Wednesday, July 28, 2021

Castillo's uphill battle (July 28, 2021)

Pedro Castillo will become Peru's president today -- an abrupt rise from rural origins to the country's leadership. Castillo's victory was an unexpected electoral outcome that responds to Peruvians' disillusionment with the political establishment, and also demonstrates the country's deep polarization, which in turn will be one of the incoming government's greatest challenges.

An opposition-led alliance won a vote on Monday to lead Peru’s Congress, a significant setback for the incoming Castillo administration's plans to redraft the constitution and increase mining taxes. Centrist legislator María del Carmen Alva from the Popular Action party will preside over a fractured Congress, where no single party has a majority. A list of candidates proposed by Castillo’s Free Peru party was rejected over procedural issues.

Alva won with support from the right-wing Popular Force party of Keiko Fujimori, who narrowly lost the election to Castillo.


U.S. suspends cooperation with Guatemala attorney general

The U.S. suspended cooperation with Guatemala's Public Ministry, in response to the attorney general's ouster of a top anti-corruption prosecutor last week. (See Monday's post, explainer at Quorum.)

The U.S. State Department said that the decision by Guatemala Attorney General Consuelo Porras to fire Juan Francisco Sandoval, the special prosecutor against impunity, “fits a pattern of behavior that indicates a lack of commitment to the rule of law and independent, judicial, and prosecutorial processes.” (Associated Press)

The United States was a vocal supporter of Sandoval's work, which included investigating and litigating cases against former officials, presidents and business leaders in Guatemala, reports Reuters.
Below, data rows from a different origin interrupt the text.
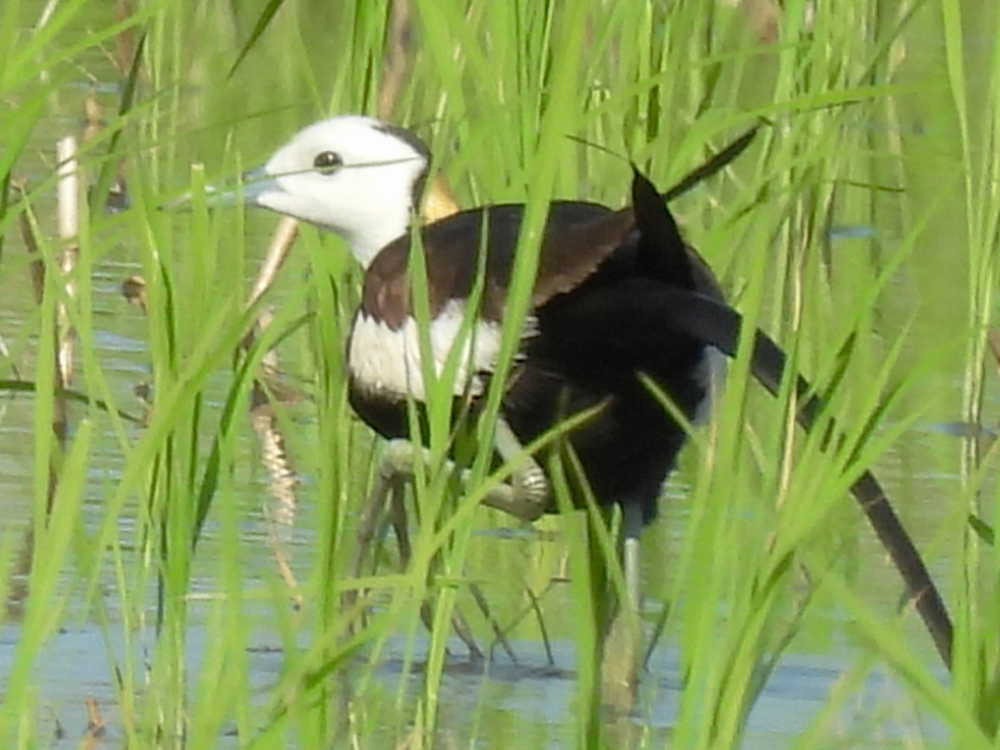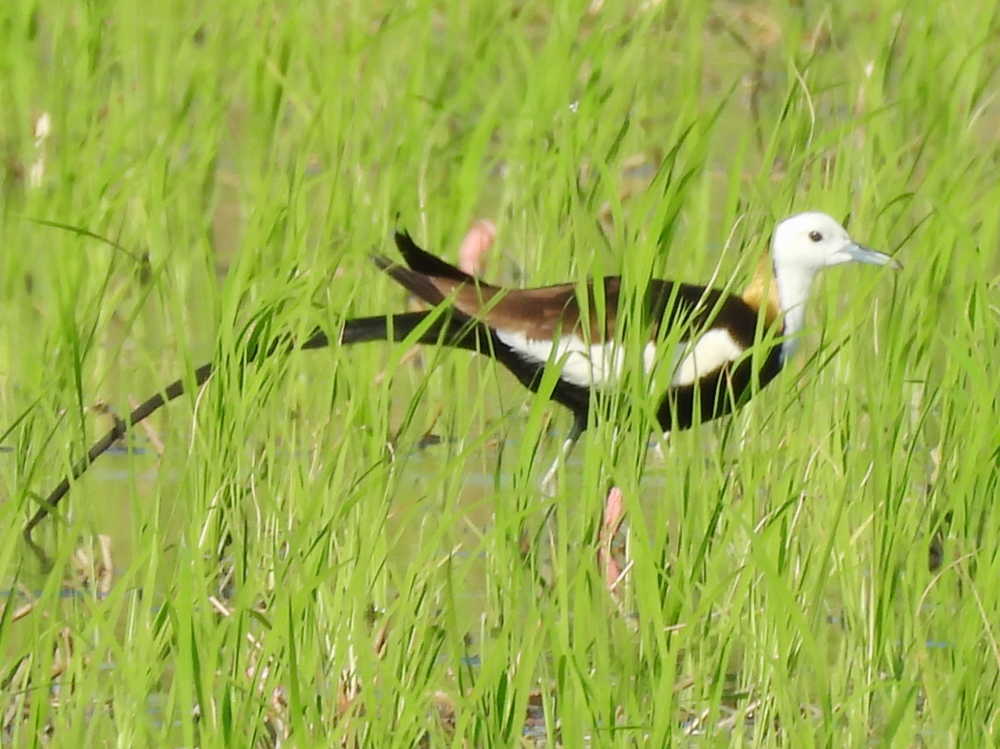 池巡りの途中、前方の水田で、尾が長い大きなハクセキレイみたいな子がお食事しているのが見えました。
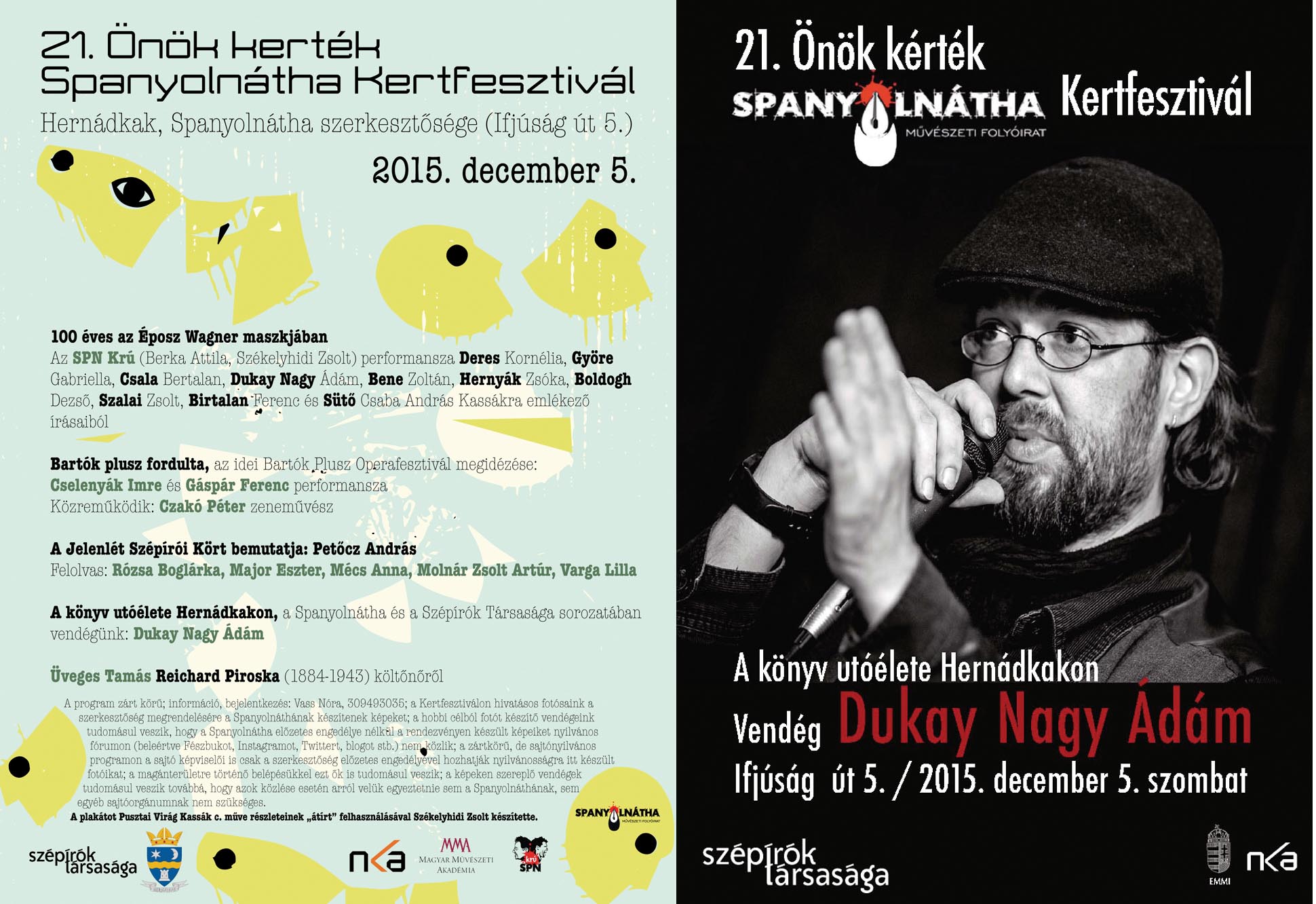 December 5. Hernádkak, Ifjúság út 5. 21. Önök kérté. Spanyolnátha Kertfesztivál. A Szépírók Társaságával közös "A könyv utóélete program vendége Dukay Nagy Ádám.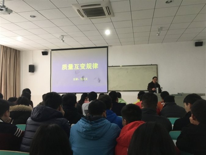 3月8日下午4:20,我院“青马工程”培训班在理工楼604举行新学期第一次培训。刘正义副院长结合实际,深入浅出地为学员们讲授了马克思主义原理中的“质量互换规律”和“否定与否定之规律”。勉励学员们在学习、生活、工作中要用辩证的方法去思考问题,直面人生,勇敢地面对各种挑战,为民族的振兴贡献自己的毕生。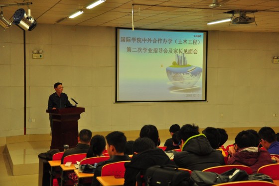 12月10日晚,国际学院在文科楼圆厅召开了中外合作办学项目(土木工程专业)第二次学业指导会暨家长见面会。国际学院副书记兼副院长段胜峰,副院长陈瑜,1503班班主任张锐及学院全体行政、教务、学工老师、2015级全体学生及部分家长代表出席了会议。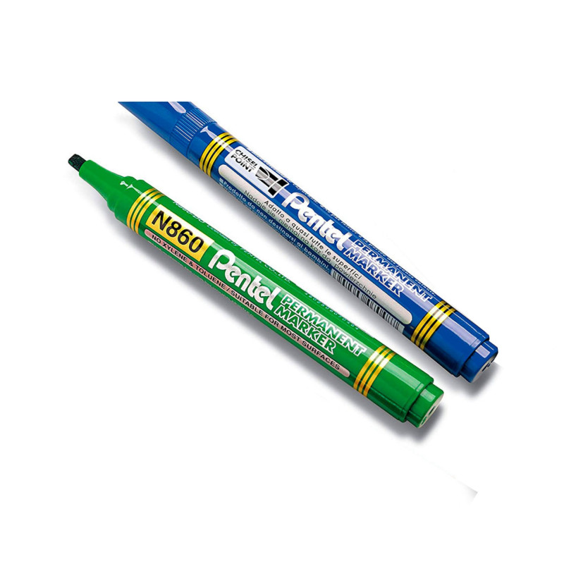 Pentel N860-CE - Marqueurs permanents pointe biseautée moyenne - Bleu
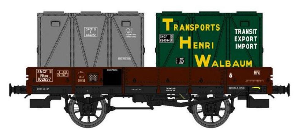 Modèle réduit REE représentant un wagon PLAT OCEM 19 Ep.III B présentant les caractéristiques suivantes : W025-D-04 Wagon freiné avec frein à levier, boites d’essieux à coussinets, roues à rayons type B N° Nhow 102697 + 2 Cadres OCEM B62 SNCF et "WALBAUM"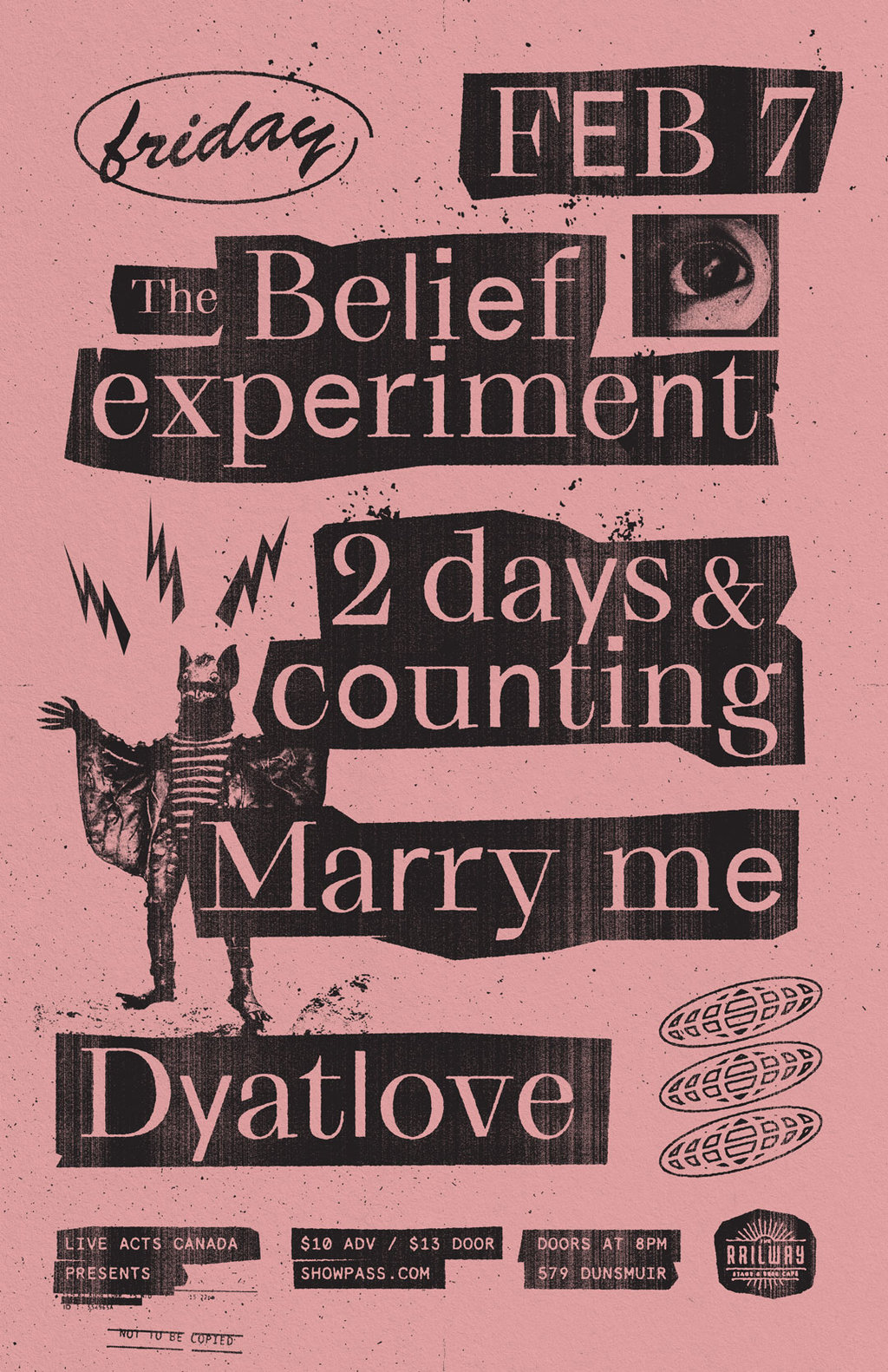 The Belief Experiment, 2 Days and Counting, Marry Me, Dyatlove @ Railway Club Feb 7 2020 - Feb 5th @ Railway Club

The United Nations also voiced concern over Sandoval's ouster, reports Quorum.

Sandoval's dismissal is part of a series of attacks on Guatemala's anti-corruption system, carried out by the current Giammattei administration, that of the previous government, and lawmakers. "I am the victim of a criminalization campaign that has accelerated since 2016 and grew stronger with the CICIG’s departure," Sandoval told El Faro in an interview after fleeing the country on Friday.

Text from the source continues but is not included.